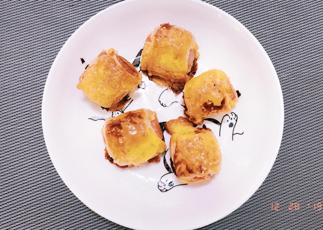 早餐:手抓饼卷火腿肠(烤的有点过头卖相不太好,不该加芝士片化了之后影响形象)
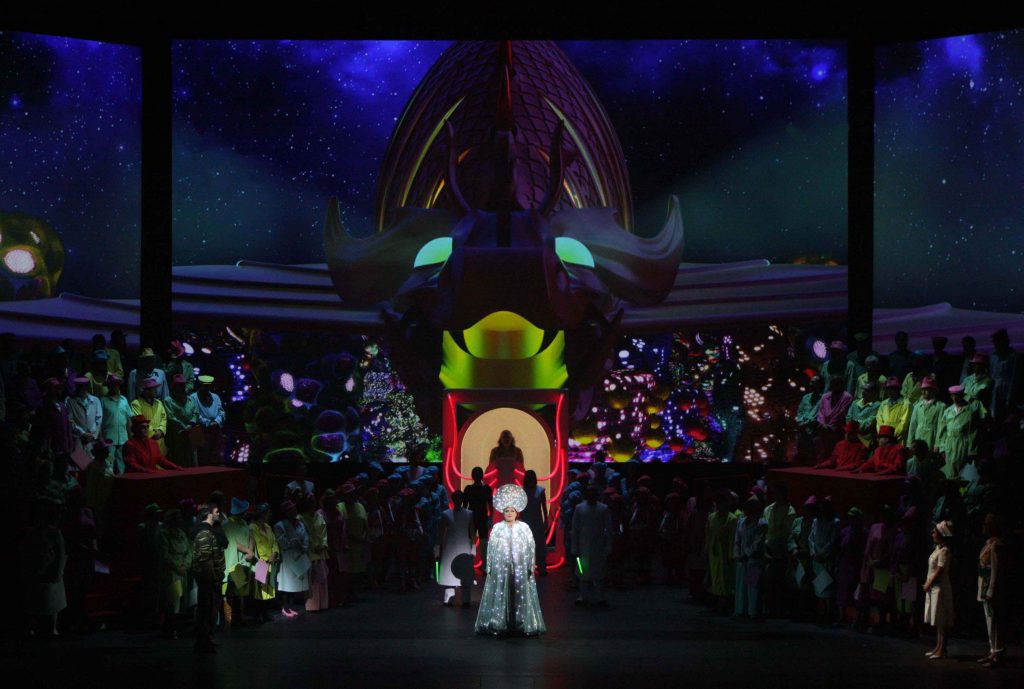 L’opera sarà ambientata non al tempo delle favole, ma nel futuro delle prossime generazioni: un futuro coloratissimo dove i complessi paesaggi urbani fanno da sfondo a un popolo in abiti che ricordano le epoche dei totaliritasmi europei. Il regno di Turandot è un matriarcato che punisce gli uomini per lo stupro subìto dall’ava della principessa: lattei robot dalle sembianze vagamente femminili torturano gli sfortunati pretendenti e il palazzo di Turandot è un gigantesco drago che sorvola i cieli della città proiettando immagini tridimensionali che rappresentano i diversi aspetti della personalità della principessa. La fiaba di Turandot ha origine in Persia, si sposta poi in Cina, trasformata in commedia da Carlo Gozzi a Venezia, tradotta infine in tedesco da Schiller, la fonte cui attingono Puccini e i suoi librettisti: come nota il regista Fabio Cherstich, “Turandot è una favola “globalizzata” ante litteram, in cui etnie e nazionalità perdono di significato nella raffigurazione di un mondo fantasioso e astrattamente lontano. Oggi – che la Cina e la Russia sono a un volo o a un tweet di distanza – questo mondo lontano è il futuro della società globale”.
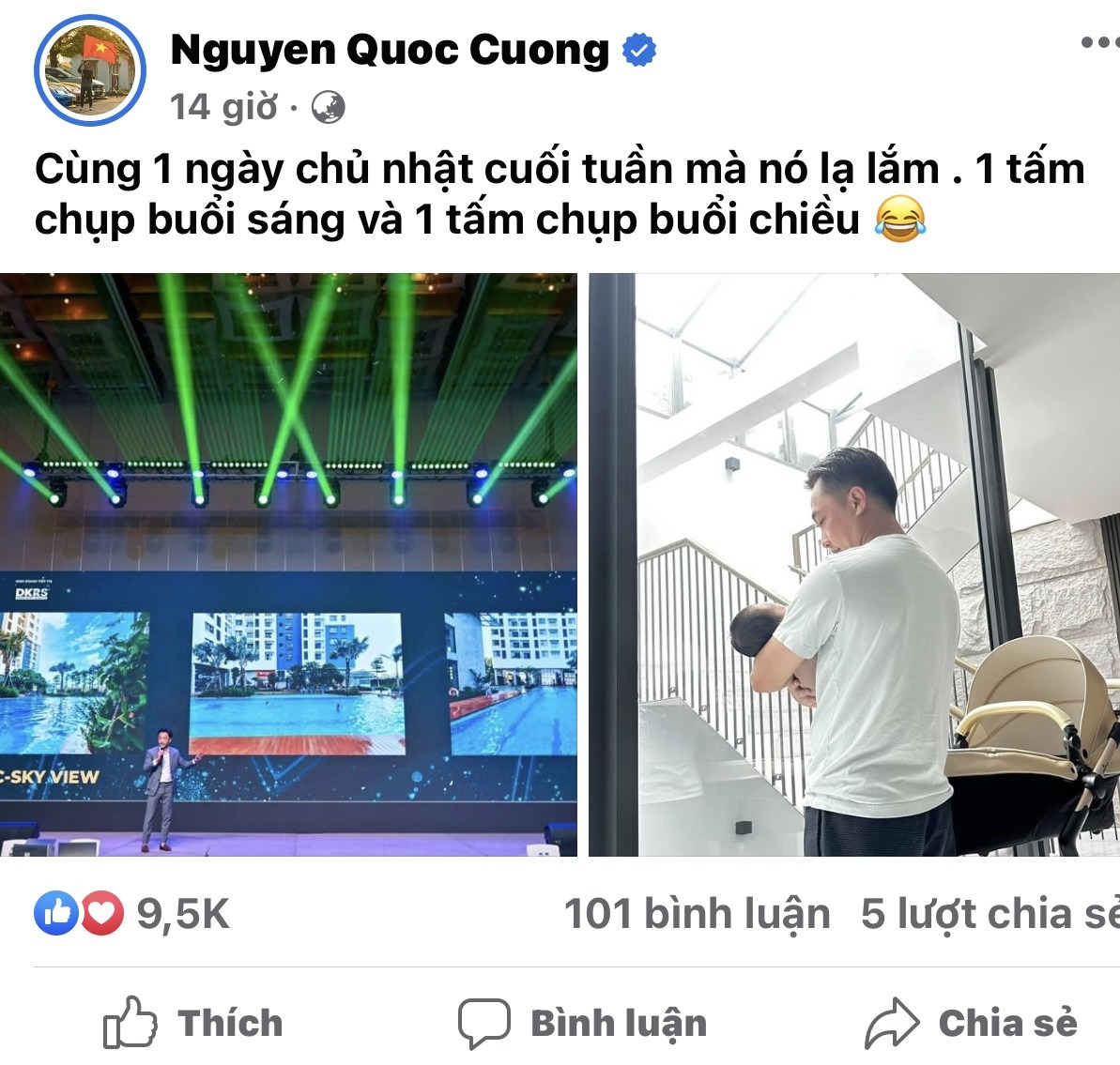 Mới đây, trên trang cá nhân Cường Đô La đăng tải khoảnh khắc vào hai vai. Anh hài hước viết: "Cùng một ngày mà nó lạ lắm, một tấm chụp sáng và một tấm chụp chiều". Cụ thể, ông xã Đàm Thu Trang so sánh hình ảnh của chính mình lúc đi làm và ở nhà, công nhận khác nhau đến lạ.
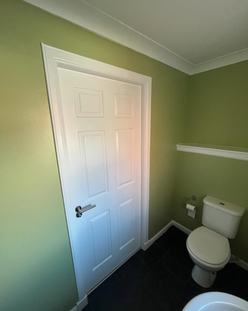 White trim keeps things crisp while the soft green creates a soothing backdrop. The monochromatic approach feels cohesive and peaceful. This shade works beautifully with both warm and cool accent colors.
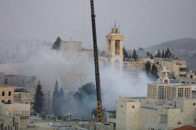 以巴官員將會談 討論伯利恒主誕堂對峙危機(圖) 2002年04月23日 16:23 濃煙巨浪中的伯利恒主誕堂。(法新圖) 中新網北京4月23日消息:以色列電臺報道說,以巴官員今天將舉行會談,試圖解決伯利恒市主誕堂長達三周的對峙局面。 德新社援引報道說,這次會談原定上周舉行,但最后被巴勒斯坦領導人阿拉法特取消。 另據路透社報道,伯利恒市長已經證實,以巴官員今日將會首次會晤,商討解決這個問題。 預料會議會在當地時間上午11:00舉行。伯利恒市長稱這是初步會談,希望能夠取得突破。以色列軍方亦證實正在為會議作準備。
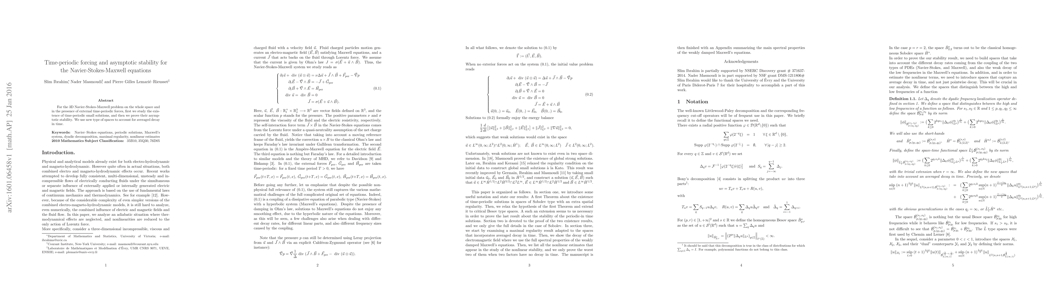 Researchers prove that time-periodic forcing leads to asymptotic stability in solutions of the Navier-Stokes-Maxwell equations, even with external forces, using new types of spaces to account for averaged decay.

********

PROBLEM TO SOLVE
With the pictures removed, return the listing above in its exact original wording.

COMPLETED EXERCISE
 早餐:手抓饼卷火腿肠(烤的有点过头卖相不太好,不该加芝士片化了之后影响形象)
 L’opera sarà ambientata non al tempo delle favole, ma nel futuro delle prossime generazioni: un futuro coloratissimo dove i complessi paesaggi urbani fanno da sfondo a un popolo in abiti che ricordano le epoche dei totaliritasmi europei. Il regno di Turandot è un matriarcato che punisce gli uomini per lo stupro subìto dall’ava della principessa: lattei robot dalle sembianze vagamente femminili torturano gli sfortunati pretendenti e il palazzo di Turandot è un gigantesco drago che sorvola i cieli della città proiettando immagini tridimensionali che rappresentano i diversi aspetti della personalità della principessa. La fiaba di Turandot ha origine in Persia, si sposta poi in Cina, trasformata in commedia da Carlo Gozzi a Venezia, tradotta infine in tedesco da Schiller, la fonte cui attingono Puccini e i suoi librettisti: come nota il regista Fabio Cherstich, “Turandot è una favola “globalizzata” ante litteram, in cui etnie e nazionalità perdono di significato nella raffigurazione di un mondo fantasioso e astrattamente lontano. Oggi – che la Cina e la Russia sono a un volo o a un tweet di distanza – questo mondo lontano è il futuro della società globale”.
 Mới đây, trên trang cá nhân Cường Đô La đăng tải khoảnh khắc vào hai vai. Anh hài hước viết: "Cùng một ngày mà nó lạ lắm, một tấm chụp sáng và một tấm chụp chiều". Cụ thể, ông xã Đàm Thu Trang so sánh hình ảnh của chính mình lúc đi làm và ở nhà, công nhận khác nhau đến lạ.
 White trim keeps things crisp while the soft green creates a soothing backdrop. The monochromatic approach feels cohesive and peaceful. This shade works beautifully with both warm and cool accent colors.
 以巴官員將會談 討論伯利恒主誕堂對峙危機(圖) 2002年04月23日 16:23 濃煙巨浪中的伯利恒主誕堂。(法新圖) 中新網北京4月23日消息:以色列電臺報道說,以巴官員今天將舉行會談,試圖解決伯利恒市主誕堂長達三周的對峙局面。 德新社援引報道說,這次會談原定上周舉行,但最后被巴勒斯坦領導人阿拉法特取消。 另據路透社報道,伯利恒市長已經證實,以巴官員今日將會首次會晤,商討解決這個問題。 預料會議會在當地時間上午11:00舉行。伯利恒市長稱這是初步會談,希望能夠取得突破。以色列軍方亦證實正在為會議作準備。
 Researchers prove that time-periodic forcing leads to asymptotic stability in solutions of the Navier-Stokes-Maxwell equations, even with external forces, using new types of spaces to account for averaged decay.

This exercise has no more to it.